VPN authentication errors are typically caused by a configuration mismatch between the SDDC and on-premises VPN endpoints. While these typically prevent the VPN from coming up at creation, they can also bring down a working VPN when one of the endpoints is reconfigured.

Problem

A new VPN fails to come up after creation, or a working VPN fails after one of the ends has been updated or reconfigured.

Cause

IKE negotiation has two phases:
  • In Phase 1, the peer endpoints establish an IKE Security Association (SA), which provides a secure channel for communication between the endpoints.
  • In Phase 2, the endpoints use the SA to negotiate a key exchange using the pre-shared key you entered when you created the VPN.
Phase 1 errors can arise when the Remote ID and Local ID values are inconsistent. Phase 2 errors can arise when the peers are configured with different pre-shared keys.

Solution

  1. Verify that the pre-shared key is exactly the same on each side. Be sure to check for the presence of whitespace on either end of the key string.
  2. If you use special characters in the pre-shared key, try using a pre-shared key that does not contain special characters, in case one side does not correctly interpret them.
  3. Ensure that the Remote ID on each side matches the Local ID used by the peer. Normally this will be the public IP address, but when one side is behind a NAT router, it may instead use its private IP, which will need to be manually entered as the Remote ID on the peer’s configuration.

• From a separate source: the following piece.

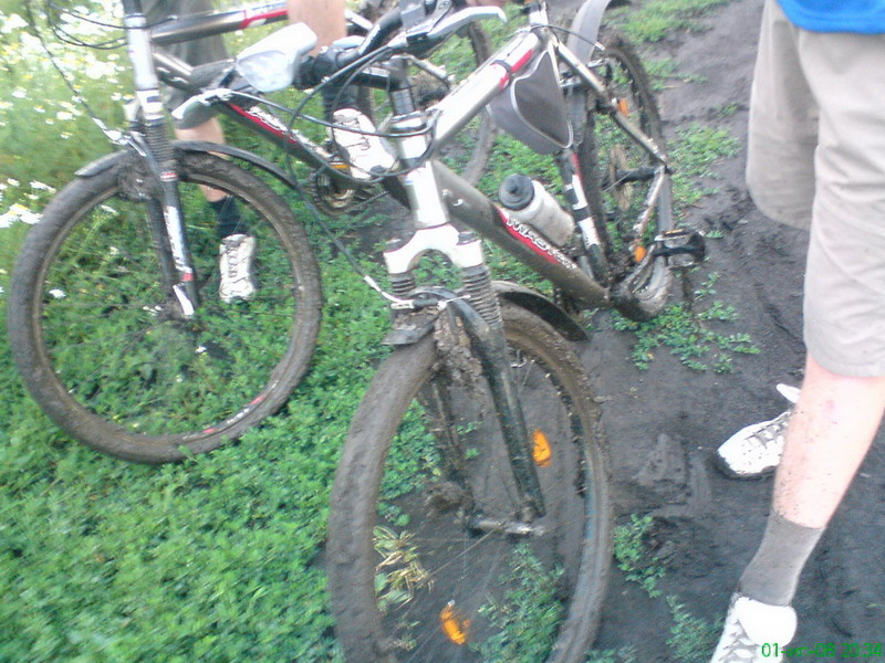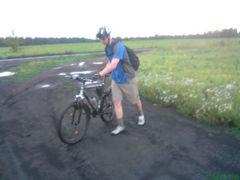 Впереди ехал berserk. Я замыкающим, поэтому мог наблюдать Э Т О во всей красе. См. фото1. Заканчиваеться асфальт, начинаеться мокрая черноземная грунтовка через поле. Санек съезжает с асфальта, проезжает 10-15 метров и так аккуратненько, с характерным звуком "шлеп", падает на бочок. В панике сзади него расскрывает объятья земле-матушке и Ваня. Я удержался. О-о-о-о! Как я радовался ! Я мерзко хихикал и предлагал им идти пешком и везти велосипеды рядом. Ведь земля, набившись под крылья, полностью лишала их возможности ехать по грунту! А подклинивавшее переднее колесо уничтожило и такое понятие, как "управляемость вела". Один-в-один как на льду.
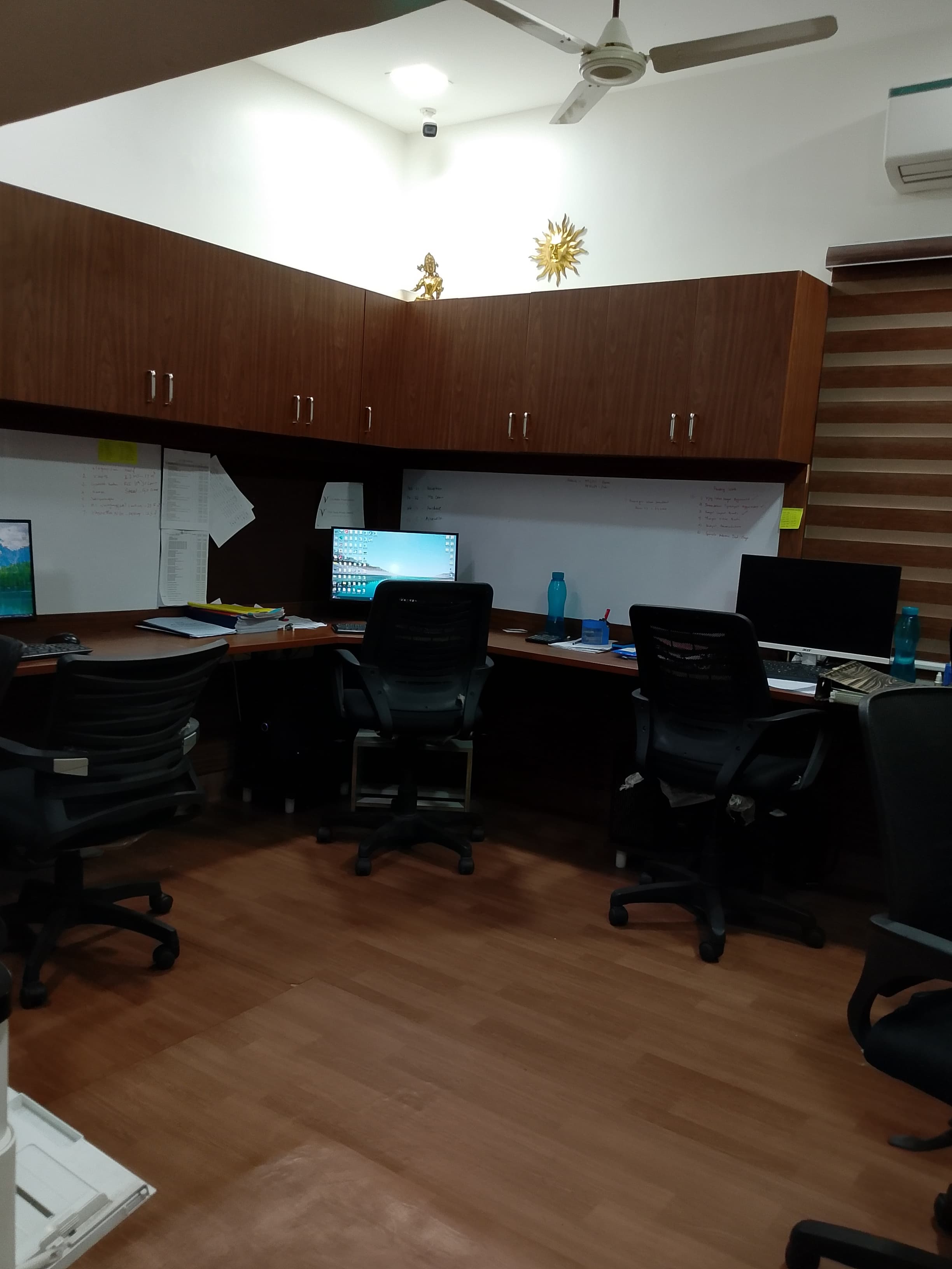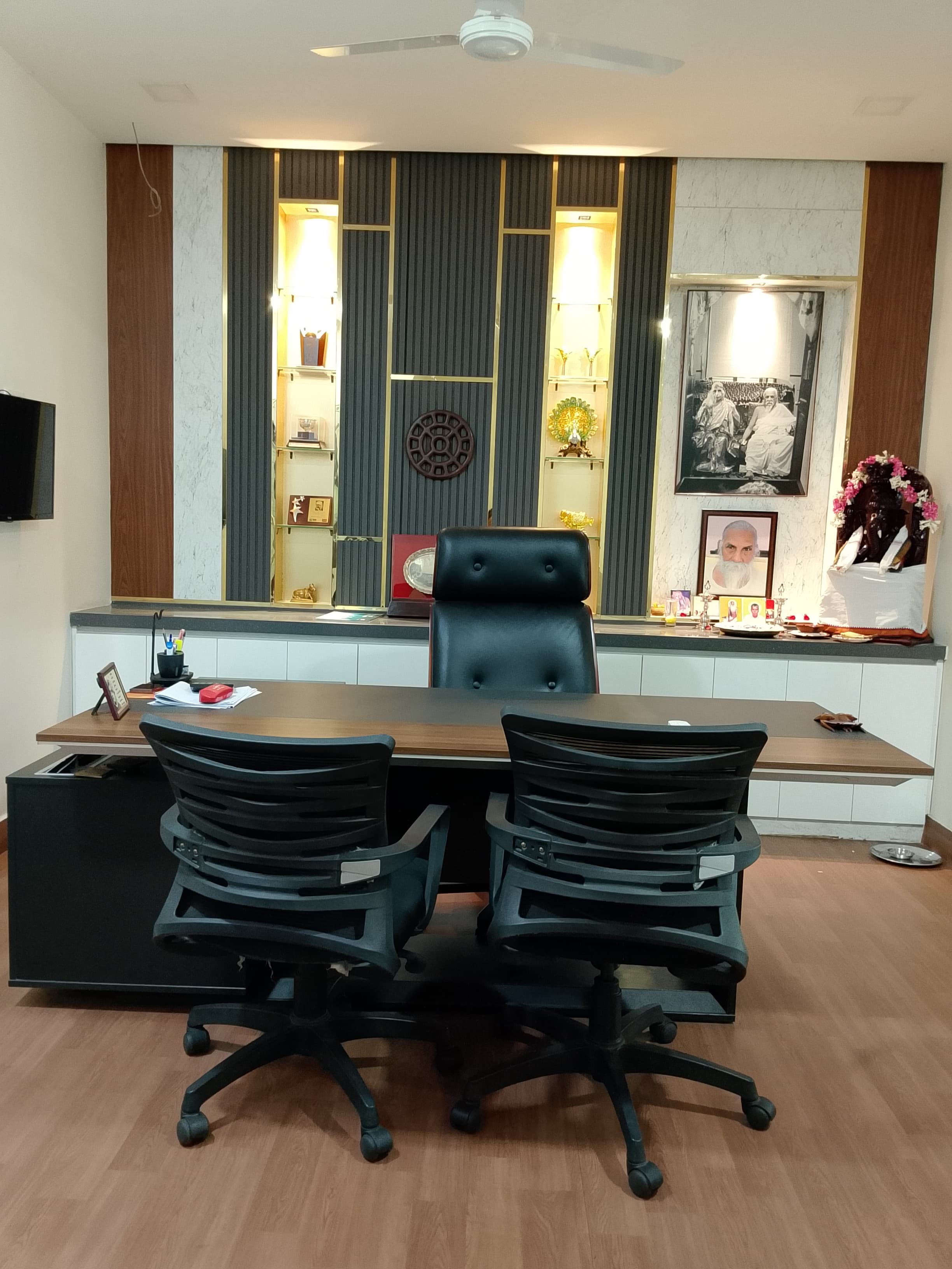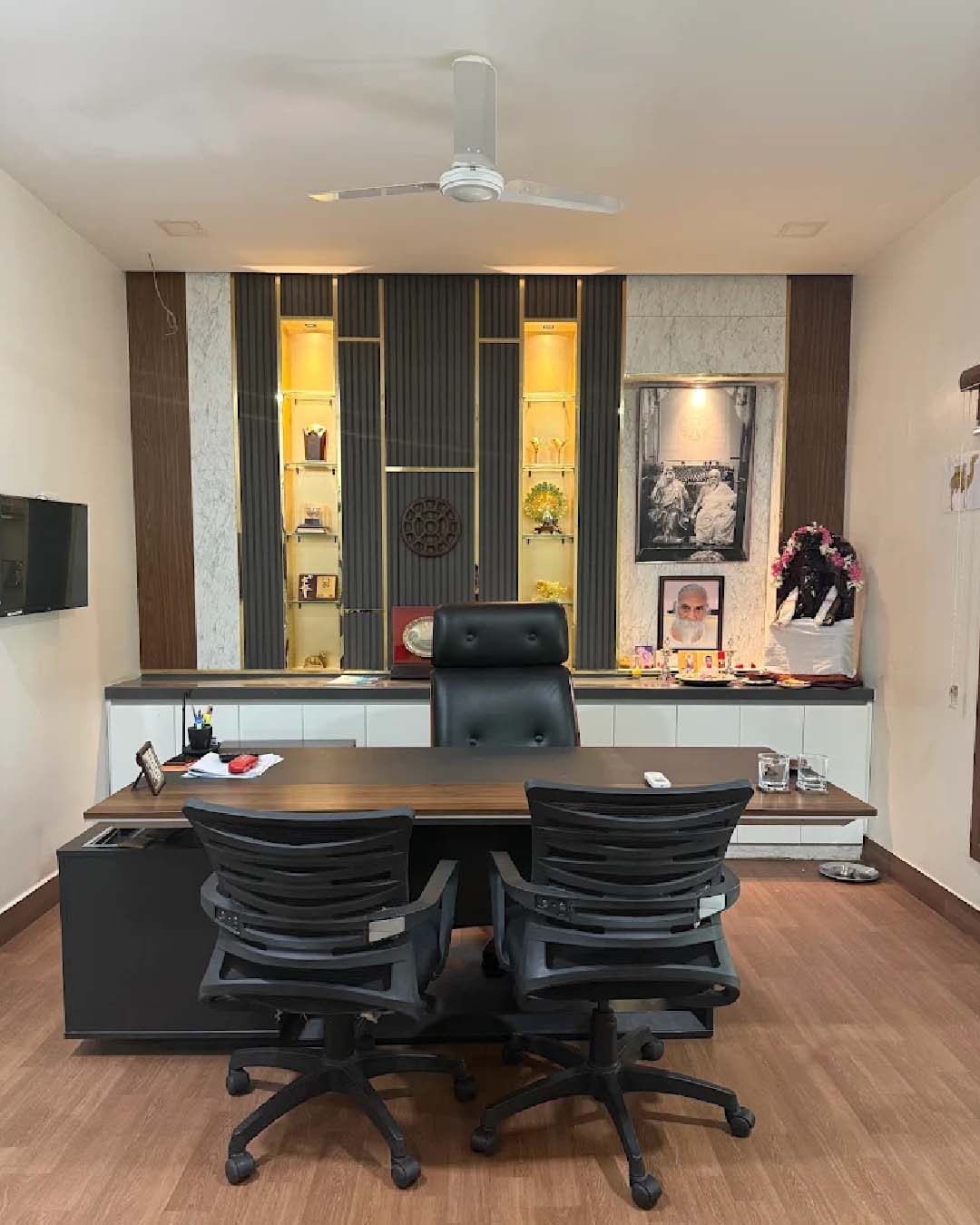 The completed office interiors showcase a professional, practical, and visually pleasing design. Each space is planned for maximum efficiency, featuring sturdy furniture and a unified wood-toned style that adds warmth and elegance. Workstations are set up ergonomically for comfort and productivity, with plenty of storage and neatly managed wiring for a tidy environment. The reception area stands out with a sleek, modern counter and stylish accent wall. Executive cabins are crafted with premium materials, built-in display units, and well-planned lighting for a refined corporate look. Overall, the project delivers a well-finished, ready-to-use office that combines functionality with style.

This ID forms part of the authentication so a mismatch will result in an authentication error.
  4. Ensure that the same IKE version is configured for both endpoints. VMware Cloud on AWS VPNs also provide an IKE FLEX version that should be compatible with either IKEv1 or IKEv2.
  5. Ensure that the same IKE mode is configured for both endpoints. VMware Cloud on AWS VPNs do not support IKE Aggressive mode.